PROBLEM STATEMENT:
Exactly reproduce the entries, dropping any pictures from your copy.

** Opening DATASET EXCERPTS block **

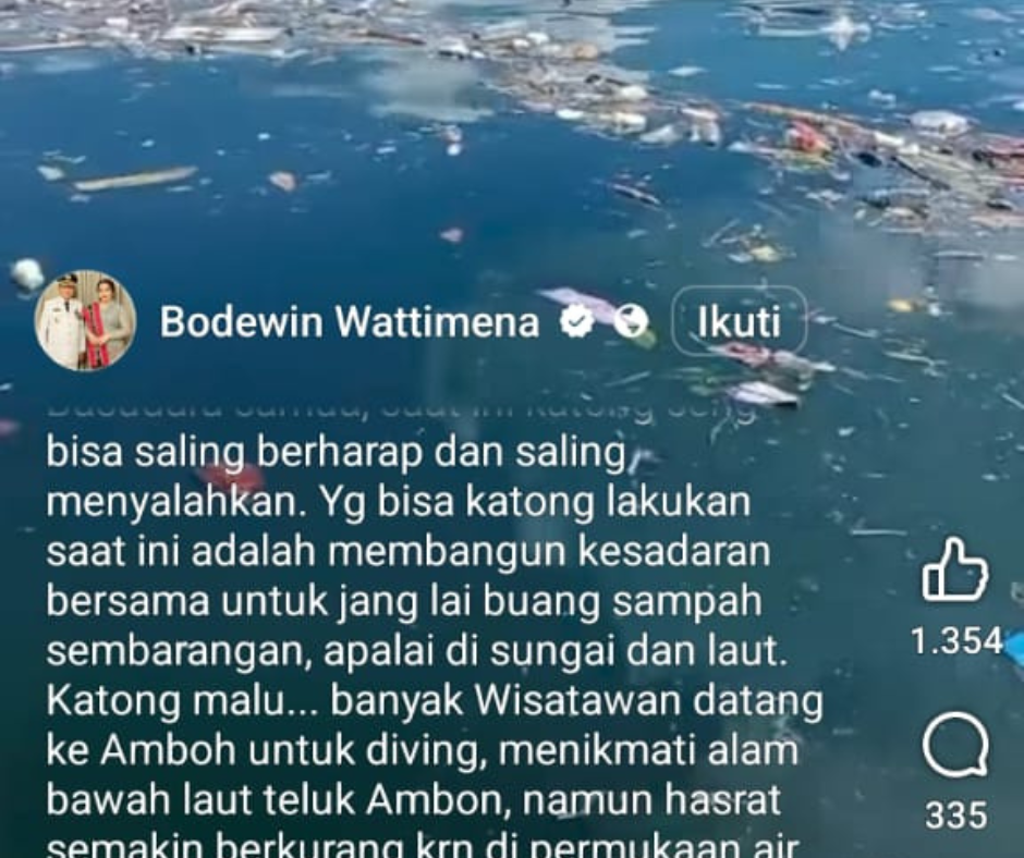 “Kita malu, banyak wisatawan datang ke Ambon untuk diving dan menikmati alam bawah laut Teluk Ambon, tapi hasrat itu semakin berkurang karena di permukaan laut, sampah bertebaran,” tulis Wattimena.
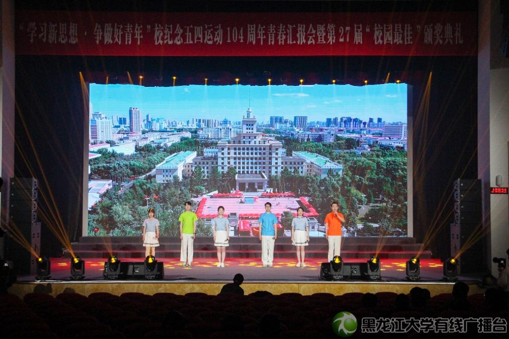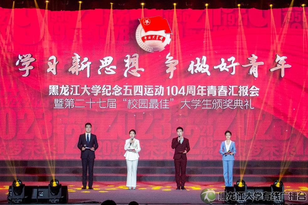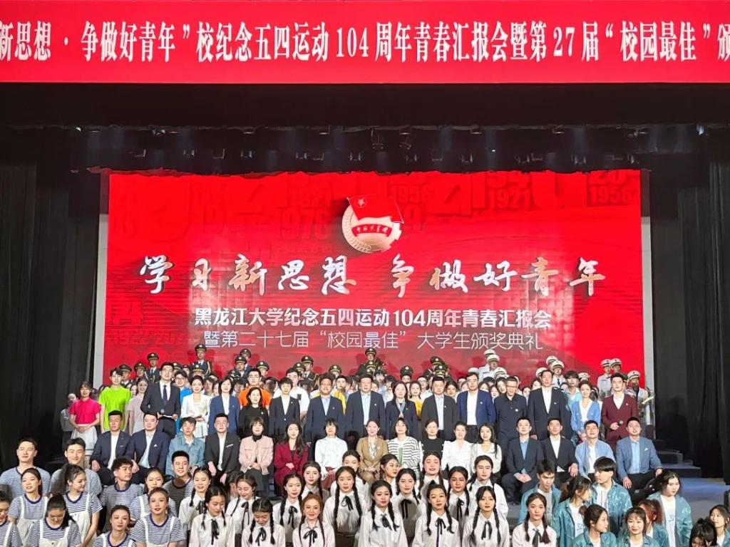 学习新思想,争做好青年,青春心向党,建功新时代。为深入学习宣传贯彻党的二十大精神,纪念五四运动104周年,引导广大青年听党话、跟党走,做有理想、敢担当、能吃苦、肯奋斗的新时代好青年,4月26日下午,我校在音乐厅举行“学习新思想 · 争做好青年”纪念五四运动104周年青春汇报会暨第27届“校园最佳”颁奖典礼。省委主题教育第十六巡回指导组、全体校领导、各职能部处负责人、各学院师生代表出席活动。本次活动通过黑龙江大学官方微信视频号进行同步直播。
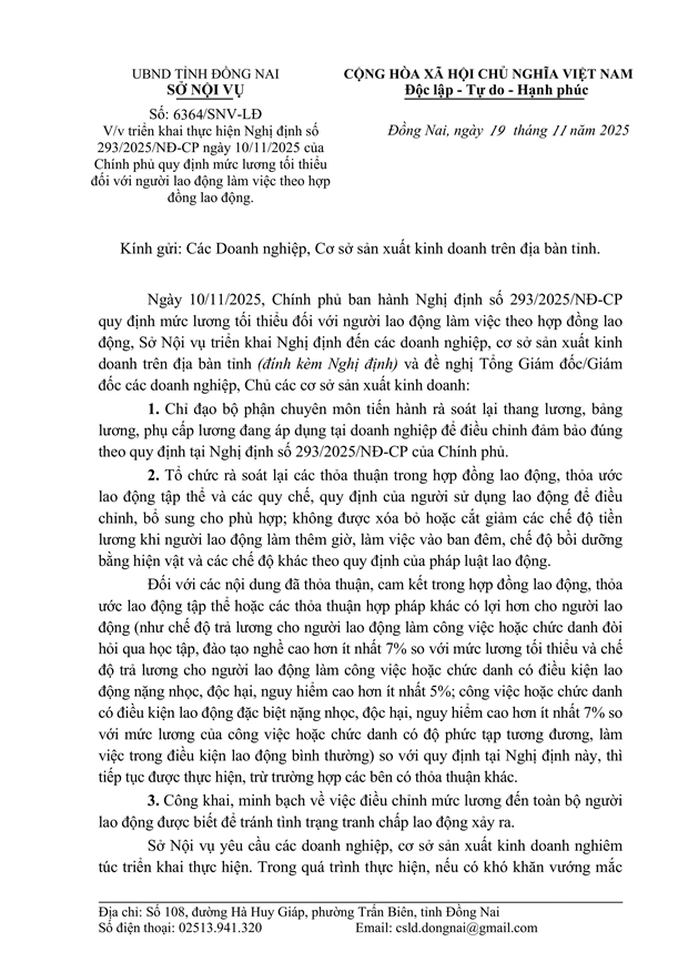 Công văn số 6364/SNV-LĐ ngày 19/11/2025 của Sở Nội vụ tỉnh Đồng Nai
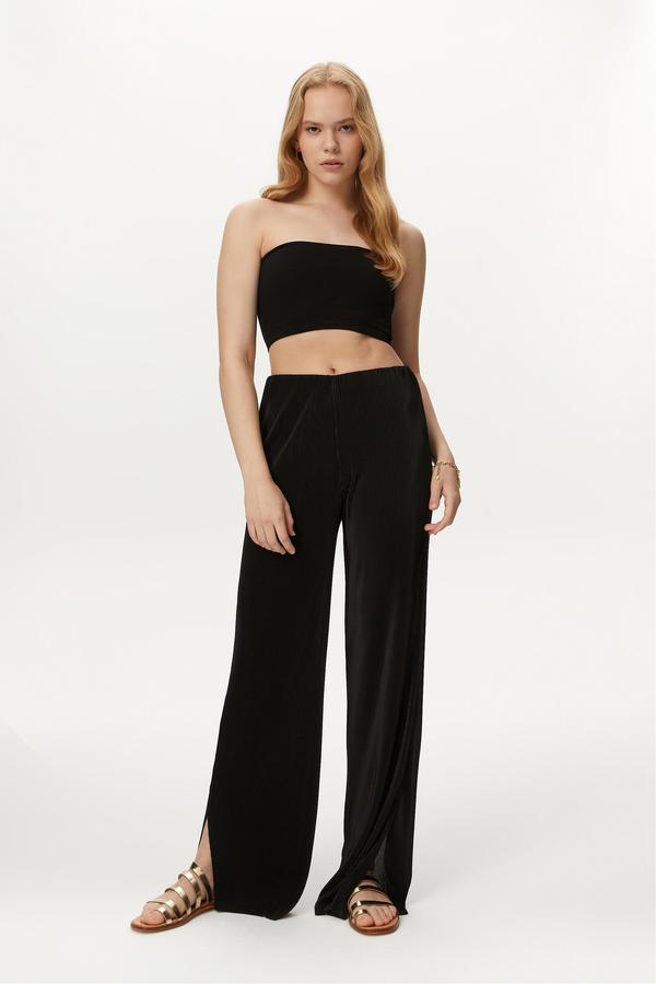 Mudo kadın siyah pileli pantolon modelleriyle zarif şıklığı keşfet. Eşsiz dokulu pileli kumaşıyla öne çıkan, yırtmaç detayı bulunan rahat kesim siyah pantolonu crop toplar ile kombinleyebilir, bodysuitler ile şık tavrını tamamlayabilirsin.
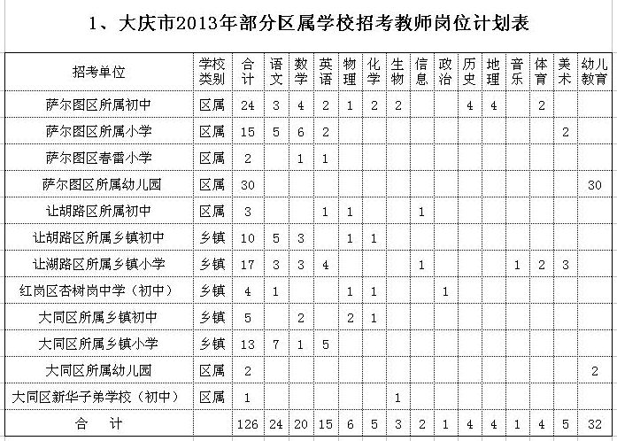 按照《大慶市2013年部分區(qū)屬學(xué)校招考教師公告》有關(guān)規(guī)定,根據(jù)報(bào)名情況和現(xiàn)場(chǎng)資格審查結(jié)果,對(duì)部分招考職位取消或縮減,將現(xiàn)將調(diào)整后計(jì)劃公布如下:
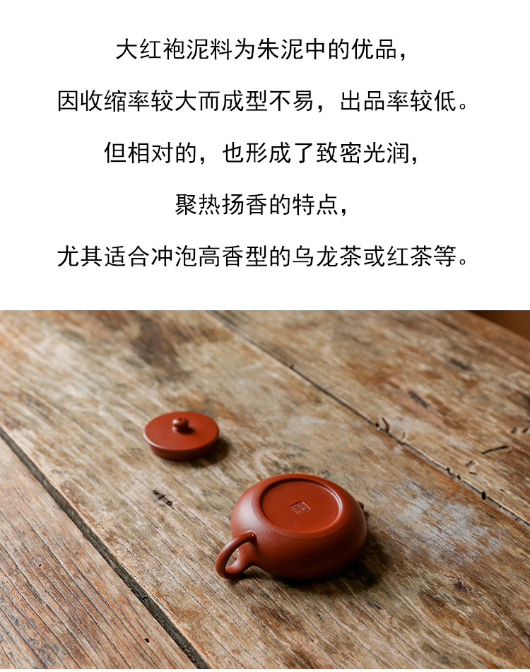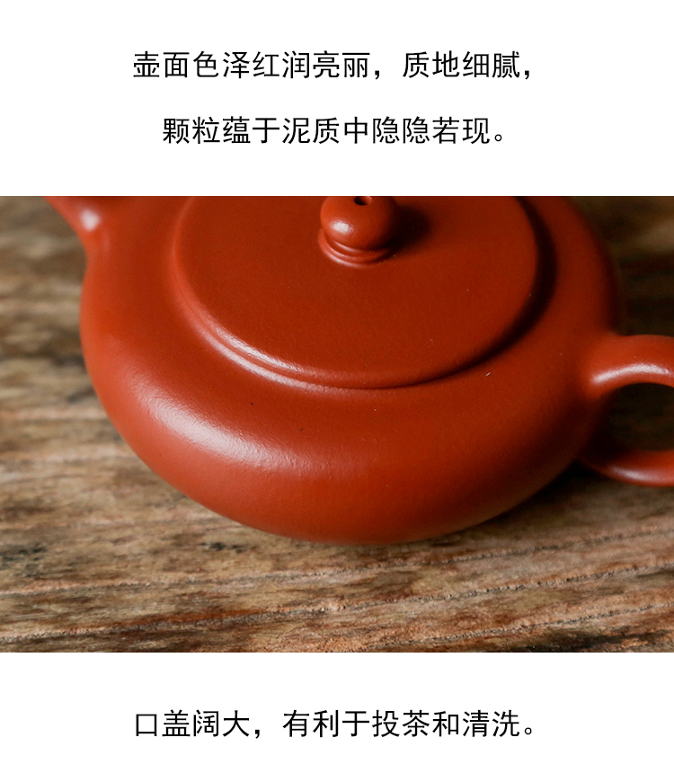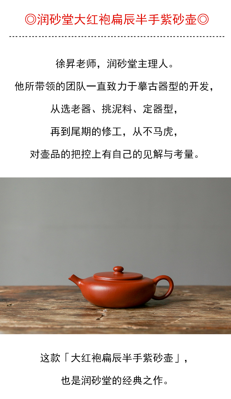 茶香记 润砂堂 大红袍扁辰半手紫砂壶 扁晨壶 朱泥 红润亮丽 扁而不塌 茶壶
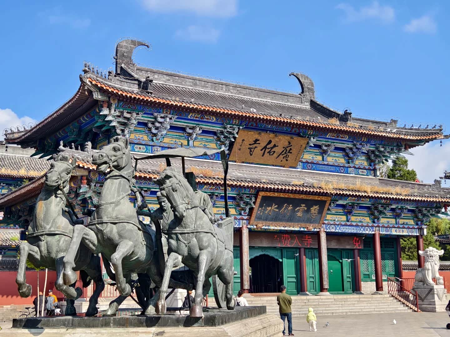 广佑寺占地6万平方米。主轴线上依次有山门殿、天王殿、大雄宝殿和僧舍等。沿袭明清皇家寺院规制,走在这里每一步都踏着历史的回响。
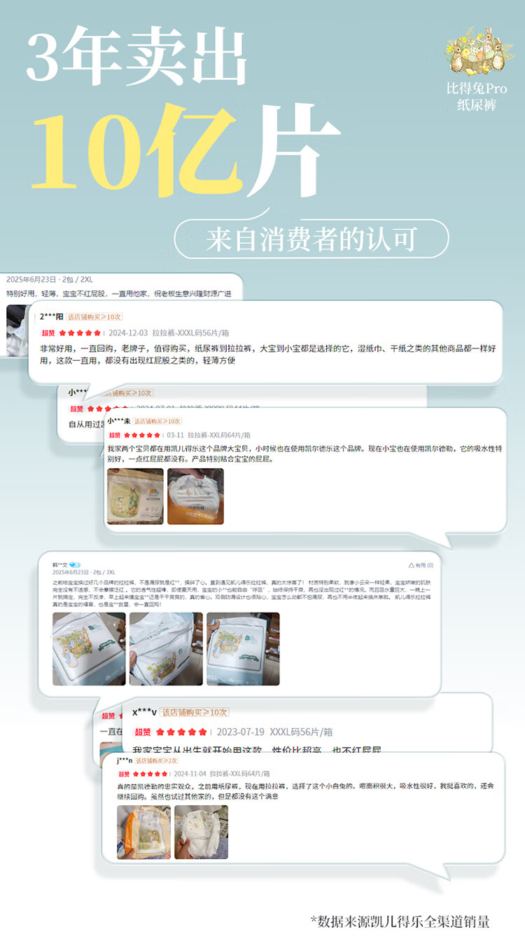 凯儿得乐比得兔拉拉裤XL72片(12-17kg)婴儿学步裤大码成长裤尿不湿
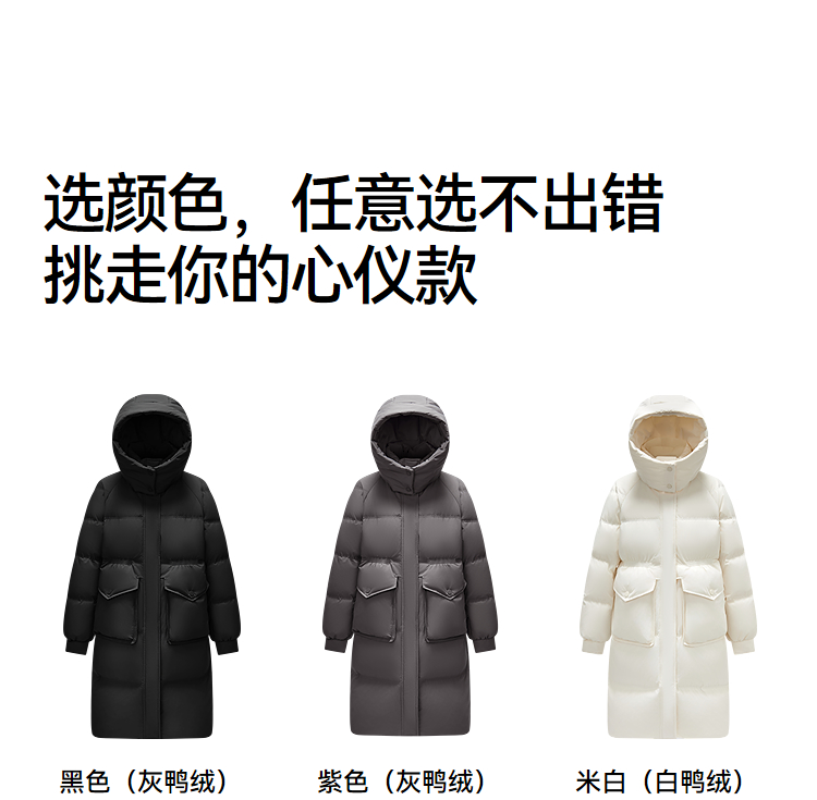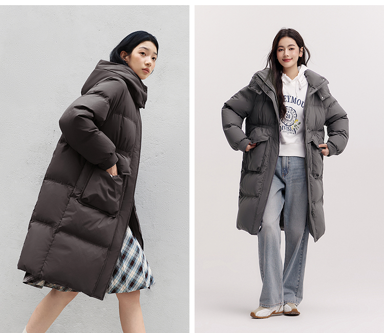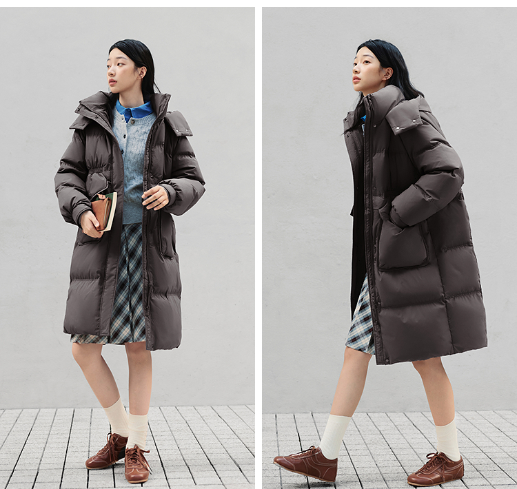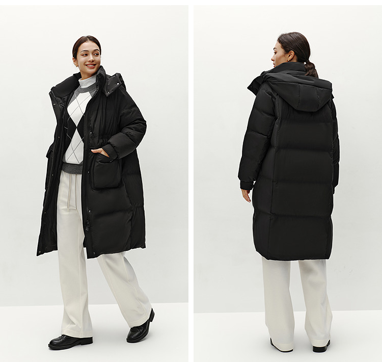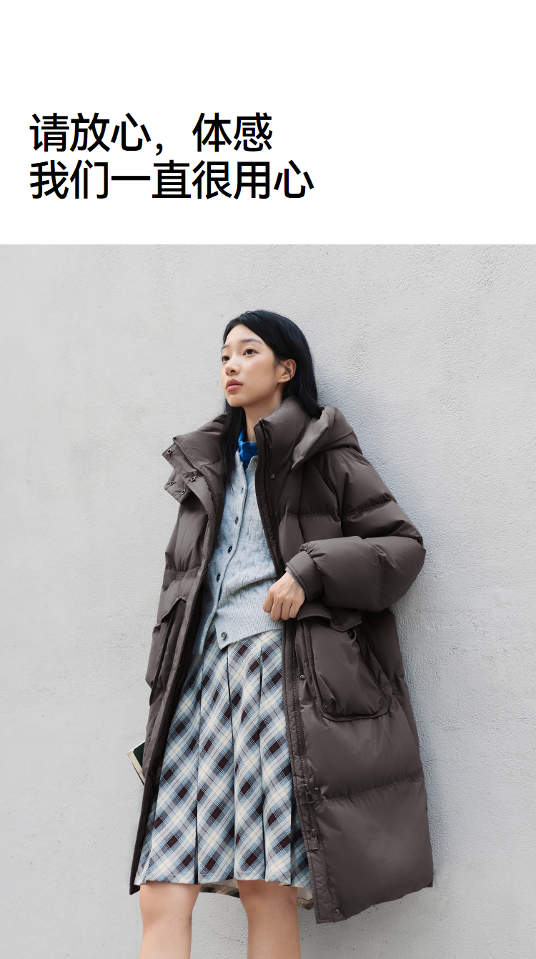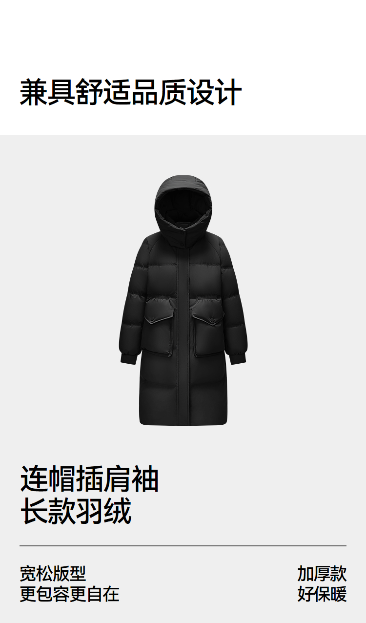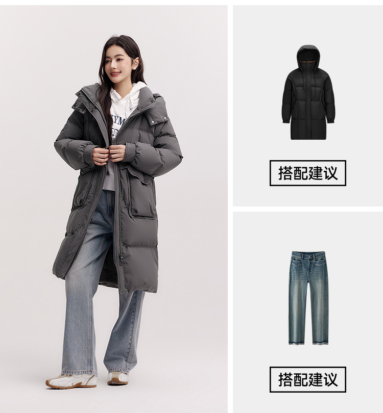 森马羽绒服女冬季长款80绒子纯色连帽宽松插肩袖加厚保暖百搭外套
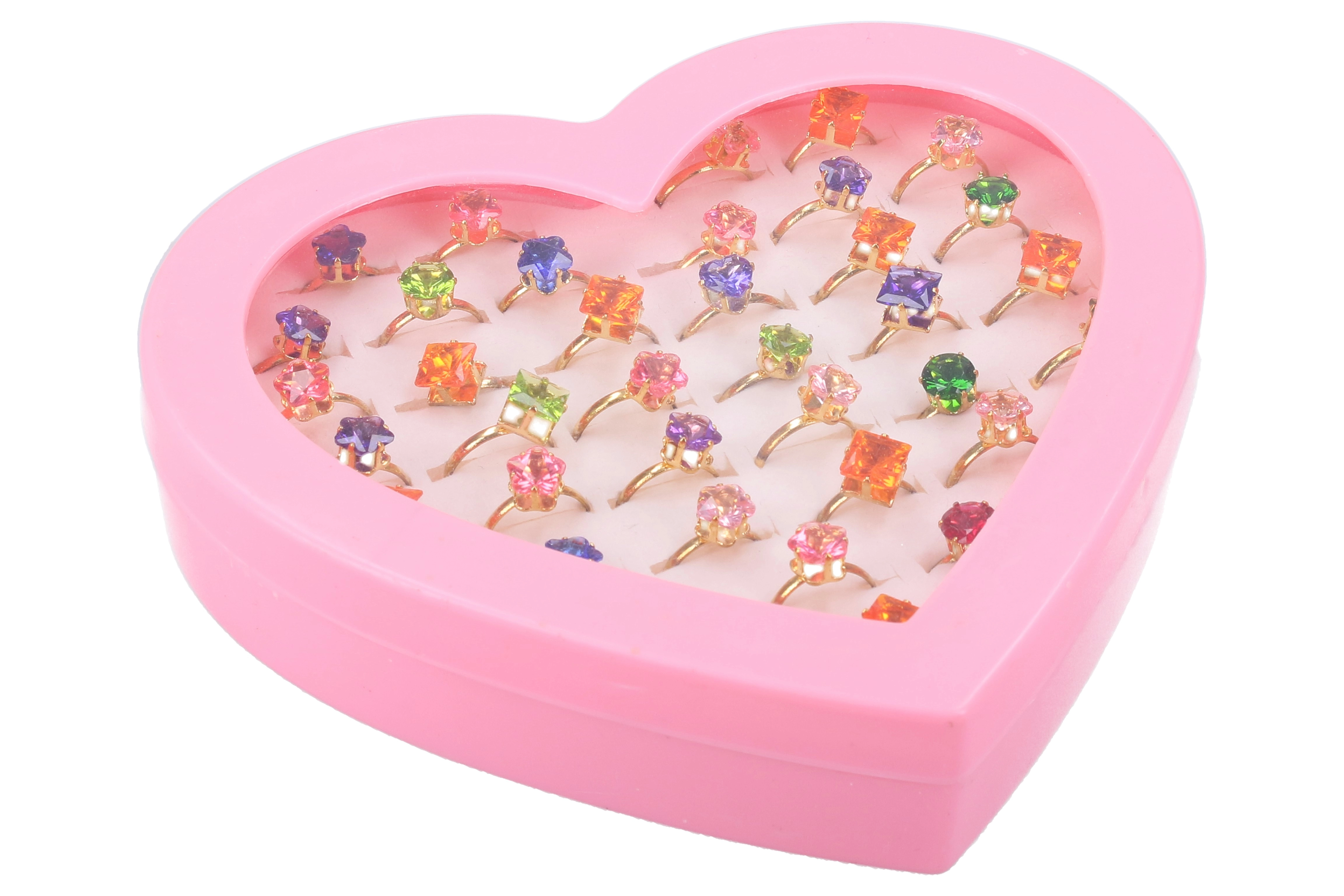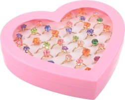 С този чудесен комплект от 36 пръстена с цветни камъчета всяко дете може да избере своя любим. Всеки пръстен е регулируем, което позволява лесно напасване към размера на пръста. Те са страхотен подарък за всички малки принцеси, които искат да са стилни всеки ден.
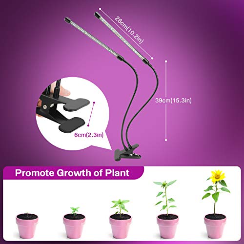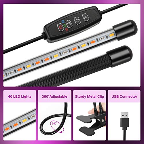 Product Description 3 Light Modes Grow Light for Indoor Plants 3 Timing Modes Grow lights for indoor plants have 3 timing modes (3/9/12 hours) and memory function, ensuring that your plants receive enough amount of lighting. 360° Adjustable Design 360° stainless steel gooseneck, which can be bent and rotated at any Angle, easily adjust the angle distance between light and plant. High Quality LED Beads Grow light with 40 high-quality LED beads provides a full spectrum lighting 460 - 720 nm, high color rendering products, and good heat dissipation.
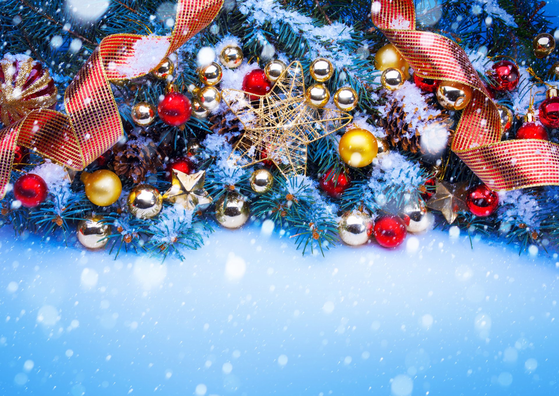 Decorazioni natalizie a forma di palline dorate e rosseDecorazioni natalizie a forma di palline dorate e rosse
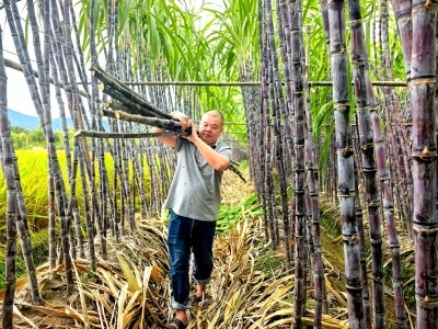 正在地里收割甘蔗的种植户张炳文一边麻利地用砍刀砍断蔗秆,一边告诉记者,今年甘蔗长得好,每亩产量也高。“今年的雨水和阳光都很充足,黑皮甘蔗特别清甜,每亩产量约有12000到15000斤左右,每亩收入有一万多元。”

** Closing DATASET EXCERPTS block **

WRITTEN RESPONSE:
 “Kita malu, banyak wisatawan datang ke Ambon untuk diving dan menikmati alam bawah laut Teluk Ambon, tapi hasrat itu semakin berkurang karena di permukaan laut, sampah bertebaran,” tulis Wattimena.
 学习新思想,争做好青年,青春心向党,建功新时代。为深入学习宣传贯彻党的二十大精神,纪念五四运动104周年,引导广大青年听党话、跟党走,做有理想、敢担当、能吃苦、肯奋斗的新时代好青年,4月26日下午,我校在音乐厅举行“学习新思想 · 争做好青年”纪念五四运动104周年青春汇报会暨第27届“校园最佳”颁奖典礼。省委主题教育第十六巡回指导组、全体校领导、各职能部处负责人、各学院师生代表出席活动。本次活动通过黑龙江大学官方微信视频号进行同步直播。
 Công văn số 6364/SNV-LĐ ngày 19/11/2025 của Sở Nội vụ tỉnh Đồng Nai
 Mudo kadın siyah pileli pantolon modelleriyle zarif şıklığı keşfet. Eşsiz dokulu pileli kumaşıyla öne çıkan, yırtmaç detayı bulunan rahat kesim siyah pantolonu crop toplar ile kombinleyebilir, bodysuitler ile şık tavrını tamamlayabilirsin.
 按照《大慶市2013年部分區(qū)屬學(xué)校招考教師公告》有關(guān)規(guī)定,根據(jù)報(bào)名情況和現(xiàn)場(chǎng)資格審查結(jié)果,對(duì)部分招考職位取消或縮減,將現(xiàn)將調(diào)整后計(jì)劃公布如下:
 茶香记 润砂堂 大红袍扁辰半手紫砂壶 扁晨壶 朱泥 红润亮丽 扁而不塌 茶壶
 广佑寺占地6万平方米。主轴线上依次有山门殿、天王殿、大雄宝殿和僧舍等。沿袭明清皇家寺院规制,走在这里每一步都踏着历史的回响。
 凯儿得乐比得兔拉拉裤XL72片(12-17kg)婴儿学步裤大码成长裤尿不湿
 森马羽绒服女冬季长款80绒子纯色连帽宽松插肩袖加厚保暖百搭外套
 С този чудесен комплект от 36 пръстена с цветни камъчета всяко дете може да избере своя любим. Всеки пръстен е регулируем, което позволява лесно напасване към размера на пръста. Те са страхотен подарък за всички малки принцеси, които искат да са стилни всеки ден.
 Product Description 3 Light Modes Grow Light for Indoor Plants 3 Timing Modes Grow lights for indoor plants have 3 timing modes (3/9/12 hours) and memory function, ensuring that your plants receive enough amount of lighting. 360° Adjustable Design 360° stainless steel gooseneck, which can be bent and rotated at any Angle, easily adjust the angle distance between light and plant. High Quality LED Beads Grow light with 40 high-quality LED beads provides a full spectrum lighting 460 - 720 nm, high color rendering products, and good heat dissipation.
 Decorazioni natalizie a forma di palline dorate e rosseDecorazioni natalizie a forma di palline dorate e rosse
 正在地里收割甘蔗的种植户张炳文一边麻利地用砍刀砍断蔗秆,一边告诉记者,今年甘蔗长得好,每亩产量也高。“今年的雨水和阳光都很充足,黑皮甘蔗特别清甜,每亩产量约有12000到15000斤左右,每亩收入有一万多元。”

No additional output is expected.